Problem requirements: Reproduce the listing below from the line with "La domanda dei" to the line with "With the development", both lines included, character for character, minus any pictures.

The data:
——————

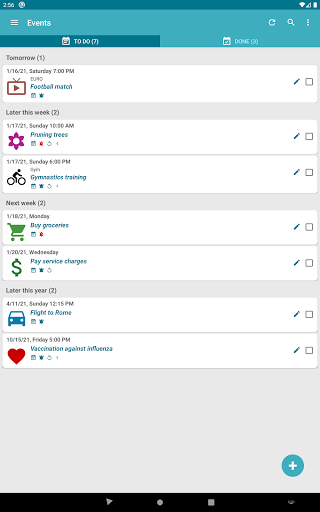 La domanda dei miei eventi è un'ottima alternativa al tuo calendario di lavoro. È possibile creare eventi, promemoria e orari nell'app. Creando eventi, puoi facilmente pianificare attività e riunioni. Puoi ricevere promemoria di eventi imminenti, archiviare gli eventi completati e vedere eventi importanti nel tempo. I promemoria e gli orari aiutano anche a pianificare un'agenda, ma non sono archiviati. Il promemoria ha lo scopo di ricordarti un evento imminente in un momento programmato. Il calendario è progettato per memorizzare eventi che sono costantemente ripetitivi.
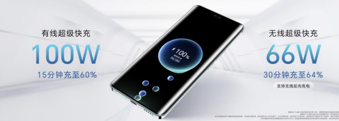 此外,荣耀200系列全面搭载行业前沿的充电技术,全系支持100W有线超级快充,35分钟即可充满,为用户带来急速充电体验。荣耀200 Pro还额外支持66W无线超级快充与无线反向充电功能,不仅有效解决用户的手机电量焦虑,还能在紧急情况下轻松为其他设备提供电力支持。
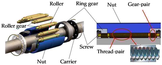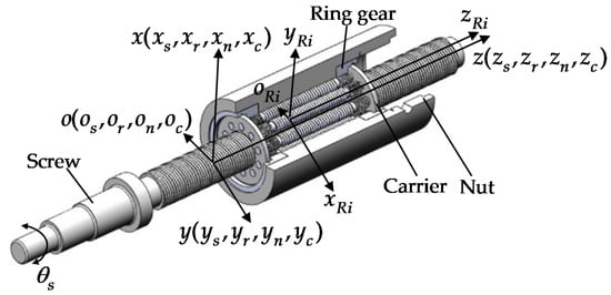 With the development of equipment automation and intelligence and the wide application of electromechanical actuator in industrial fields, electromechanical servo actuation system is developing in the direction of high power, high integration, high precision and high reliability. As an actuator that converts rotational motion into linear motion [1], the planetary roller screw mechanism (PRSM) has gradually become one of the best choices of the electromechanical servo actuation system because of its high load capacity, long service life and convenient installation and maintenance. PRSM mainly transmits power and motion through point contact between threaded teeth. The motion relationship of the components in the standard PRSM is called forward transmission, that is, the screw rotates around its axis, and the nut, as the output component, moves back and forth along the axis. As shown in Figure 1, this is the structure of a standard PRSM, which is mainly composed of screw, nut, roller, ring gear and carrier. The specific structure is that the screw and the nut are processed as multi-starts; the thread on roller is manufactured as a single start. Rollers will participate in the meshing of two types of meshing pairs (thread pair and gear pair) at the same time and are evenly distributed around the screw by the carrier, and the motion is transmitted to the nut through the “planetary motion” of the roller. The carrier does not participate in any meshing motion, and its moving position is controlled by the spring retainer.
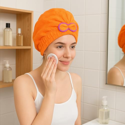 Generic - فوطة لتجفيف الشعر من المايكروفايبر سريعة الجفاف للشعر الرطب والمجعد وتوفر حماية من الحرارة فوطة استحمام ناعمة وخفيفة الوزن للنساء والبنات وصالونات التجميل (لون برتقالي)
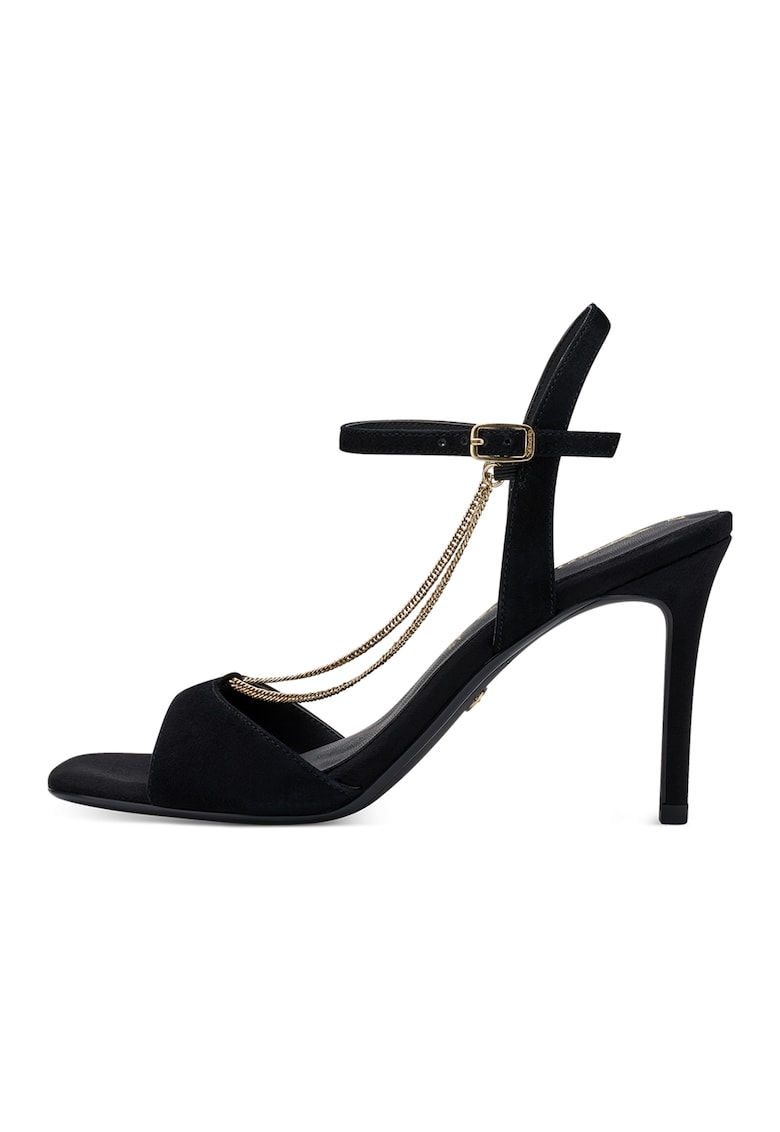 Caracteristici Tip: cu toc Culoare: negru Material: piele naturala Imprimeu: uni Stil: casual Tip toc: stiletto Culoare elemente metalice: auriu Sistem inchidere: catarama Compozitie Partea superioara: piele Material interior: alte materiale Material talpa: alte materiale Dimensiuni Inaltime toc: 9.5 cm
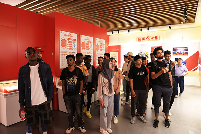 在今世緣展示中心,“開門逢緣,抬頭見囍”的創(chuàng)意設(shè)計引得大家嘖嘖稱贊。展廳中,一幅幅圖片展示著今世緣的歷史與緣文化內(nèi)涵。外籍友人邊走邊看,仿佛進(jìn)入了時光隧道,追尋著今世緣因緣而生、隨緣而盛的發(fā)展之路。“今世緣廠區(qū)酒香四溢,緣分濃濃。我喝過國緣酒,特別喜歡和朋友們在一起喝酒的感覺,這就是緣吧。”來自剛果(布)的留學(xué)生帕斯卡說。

——————

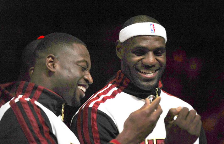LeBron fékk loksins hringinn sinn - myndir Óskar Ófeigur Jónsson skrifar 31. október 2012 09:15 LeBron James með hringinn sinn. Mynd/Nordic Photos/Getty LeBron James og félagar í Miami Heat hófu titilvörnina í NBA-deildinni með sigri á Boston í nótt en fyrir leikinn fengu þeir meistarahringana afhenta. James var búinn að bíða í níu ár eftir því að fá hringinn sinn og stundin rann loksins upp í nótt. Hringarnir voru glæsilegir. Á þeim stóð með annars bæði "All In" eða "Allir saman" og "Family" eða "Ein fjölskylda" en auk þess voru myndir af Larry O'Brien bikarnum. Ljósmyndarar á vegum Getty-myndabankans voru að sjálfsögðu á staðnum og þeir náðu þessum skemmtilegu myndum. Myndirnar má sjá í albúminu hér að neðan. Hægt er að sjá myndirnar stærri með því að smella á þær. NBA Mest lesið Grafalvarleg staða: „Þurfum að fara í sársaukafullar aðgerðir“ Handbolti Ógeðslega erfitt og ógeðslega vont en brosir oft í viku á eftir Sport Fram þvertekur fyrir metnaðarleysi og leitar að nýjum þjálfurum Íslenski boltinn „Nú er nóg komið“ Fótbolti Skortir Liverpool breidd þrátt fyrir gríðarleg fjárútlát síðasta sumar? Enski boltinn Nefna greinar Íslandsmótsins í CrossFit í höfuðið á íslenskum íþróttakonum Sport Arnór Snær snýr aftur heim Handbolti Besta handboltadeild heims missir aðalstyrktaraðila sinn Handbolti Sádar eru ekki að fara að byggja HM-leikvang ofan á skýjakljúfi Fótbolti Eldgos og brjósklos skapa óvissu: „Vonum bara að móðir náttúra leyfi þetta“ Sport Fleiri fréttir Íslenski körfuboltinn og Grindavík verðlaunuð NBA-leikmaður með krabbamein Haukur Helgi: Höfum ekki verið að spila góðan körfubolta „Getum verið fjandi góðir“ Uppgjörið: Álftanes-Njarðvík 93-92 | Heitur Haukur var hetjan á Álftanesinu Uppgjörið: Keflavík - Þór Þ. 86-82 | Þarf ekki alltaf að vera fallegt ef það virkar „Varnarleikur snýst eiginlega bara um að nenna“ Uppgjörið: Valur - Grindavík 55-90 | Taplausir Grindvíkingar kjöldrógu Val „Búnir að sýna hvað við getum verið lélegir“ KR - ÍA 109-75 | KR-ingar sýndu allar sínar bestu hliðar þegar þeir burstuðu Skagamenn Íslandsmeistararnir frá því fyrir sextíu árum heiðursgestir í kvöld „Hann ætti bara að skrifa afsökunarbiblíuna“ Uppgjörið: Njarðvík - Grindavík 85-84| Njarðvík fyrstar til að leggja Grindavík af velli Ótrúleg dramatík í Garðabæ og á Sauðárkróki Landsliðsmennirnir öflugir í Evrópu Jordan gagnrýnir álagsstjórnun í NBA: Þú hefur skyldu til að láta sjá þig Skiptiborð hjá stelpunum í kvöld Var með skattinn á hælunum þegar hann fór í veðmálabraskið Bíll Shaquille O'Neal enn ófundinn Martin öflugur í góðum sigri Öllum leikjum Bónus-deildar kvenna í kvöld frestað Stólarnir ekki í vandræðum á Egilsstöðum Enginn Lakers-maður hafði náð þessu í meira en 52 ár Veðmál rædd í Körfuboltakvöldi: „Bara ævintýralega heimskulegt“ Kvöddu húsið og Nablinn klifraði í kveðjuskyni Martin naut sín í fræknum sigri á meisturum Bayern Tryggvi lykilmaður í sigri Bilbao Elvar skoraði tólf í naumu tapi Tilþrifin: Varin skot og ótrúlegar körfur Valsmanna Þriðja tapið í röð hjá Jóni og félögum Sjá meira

——————

Your response:
 La domanda dei miei eventi è un'ottima alternativa al tuo calendario di lavoro. È possibile creare eventi, promemoria e orari nell'app. Creando eventi, puoi facilmente pianificare attività e riunioni. Puoi ricevere promemoria di eventi imminenti, archiviare gli eventi completati e vedere eventi importanti nel tempo. I promemoria e gli orari aiutano anche a pianificare un'agenda, ma non sono archiviati. Il promemoria ha lo scopo di ricordarti un evento imminente in un momento programmato. Il calendario è progettato per memorizzare eventi che sono costantemente ripetitivi.
 此外,荣耀200系列全面搭载行业前沿的充电技术,全系支持100W有线超级快充,35分钟即可充满,为用户带来急速充电体验。荣耀200 Pro还额外支持66W无线超级快充与无线反向充电功能,不仅有效解决用户的手机电量焦虑,还能在紧急情况下轻松为其他设备提供电力支持。
 With the development of equipment automation and intelligence and the wide application of electromechanical actuator in industrial fields, electromechanical servo actuation system is developing in the direction of high power, high integration, high precision and high reliability. As an actuator that converts rotational motion into linear motion [1], the planetary roller screw mechanism (PRSM) has gradually become one of the best choices of the electromechanical servo actuation system because of its high load capacity, long service life and convenient installation and maintenance. PRSM mainly transmits power and motion through point contact between threaded teeth. The motion relationship of the components in the standard PRSM is called forward transmission, that is, the screw rotates around its axis, and the nut, as the output component, moves back and forth along the axis. As shown in Figure 1, this is the structure of a standard PRSM, which is mainly composed of screw, nut, roller, ring gear and carrier. The specific structure is that the screw and the nut are processed as multi-starts; the thread on roller is manufactured as a single start. Rollers will participate in the meshing of two types of meshing pairs (thread pair and gear pair) at the same time and are evenly distributed around the screw by the carrier, and the motion is transmitted to the nut through the “planetary motion” of the roller. The carrier does not participate in any meshing motion, and its moving position is controlled by the spring retainer.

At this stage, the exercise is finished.